One good reason is their bonus, which is nothing more than the double of the resources you have of: Iron, Horses and Uranium (say “hello” to my Little Boy xD). So if I only have 2 units of Iron I’ll have 4 and if I find a deposit of 6 my enemies will be able to see my twelve Iron based unit, really painful.

The best way for the Iron use to be this: research until you can build The Great Library and while it ends research Calendar to earn happiness with luxury resources and next go for the Bronze Working, when is over you can have one free technology and it’ll be the Iron Working. Now you can see where in the map is the Iron, create a city near to it and create a interesting army of Swordsmen.

Following this, here come the second “advantage”, the special building of Russia: Krepost. Why is so good? Well, for two reasons:
- One, replace the barracks and give the same exp. (allways better with more exp. units)​
- Two, and here why is better building, reduces the necessary culture to buy a title to the 50% in the city where is build, really good for a quickly expansion.​

So now, with these options we could build a big swordsmen army and expand our frontier really fast conquering our neighbours and with a big empire and a strong army (stronger when you discover the Steel) must be easy reach the future faster than other player and try to wine for Space Race or Diplomatic Victory if you have City State friends. One pint for Russia here!

By the way, if you wanna conquest all your enemies after the Manhattan Project remember that with Russia you have duplicated your Uranium resources, so if you have 4 units you will have really 8, your enemies don’t wanna nukes? Then give them two cups!!

I hope that with this mini-guide you will be able to have a lot of fun with Russia.
 
I frankly found russia bonuses and units useless crap. You dont need more than 4 horsemen, nor more than 4 swordsmen initially. By the time you do you will have plenty duplicates

Cossacks (their special unit) is complete and utter crap. Krepost bonus is the only decent one . Compared to other civs I think Russia has overall one of the weakest bonuses .
 
Agreed... but the Krepost is *very* nice.

I'm very disappointed though with the limited strategic resources. Unit costs and army maintenance costs are so high that the resource limits are almost never binding.

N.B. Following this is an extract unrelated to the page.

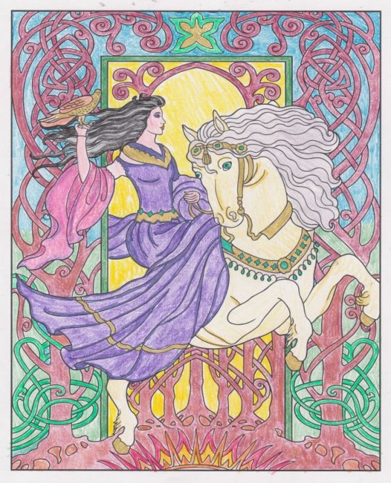 Rhiannon is connected to three mystical birds. The Birds of Rhiannon (Adar Rhiannon) appear in the Second Branch, in the Triads of Britain, and in Culhwch ac Olwen. In the latter, the giant Ysbaddaden demands them as part of the bride price of his daughter. They are described as “they that wake the dead and lull the living to sleep.” This possibly suggests Rhiannon is based on an earlier goddess of Celtic polytheism.

Perhaps the best solution would just be to set all strategic resources to 2.
 
I frankly found russia bonuses and units useless crap. You dont need more than 4 horsemen, nor more than 4 swordsmen initially. By the time you do you will have plenty duplicates

Cossacks (their special unit) is complete and utter crap. Krepost bonus is the only decent one . Compared to other civs I think Russia has overall one of the weakest bonuses .

I find russia to be pretty good actually. I don't care about the double resources, but rather the extra hammer I get at the early stage of the game. You can often find cities with two horses in their borders sometimes three or four.

As stated earlier, the Krepost is awesome. I could care a bit less about the special unit as well, but that goes for several of the civs.

Getting double strategics is a nice bonus of course, but what I really like is the hammers.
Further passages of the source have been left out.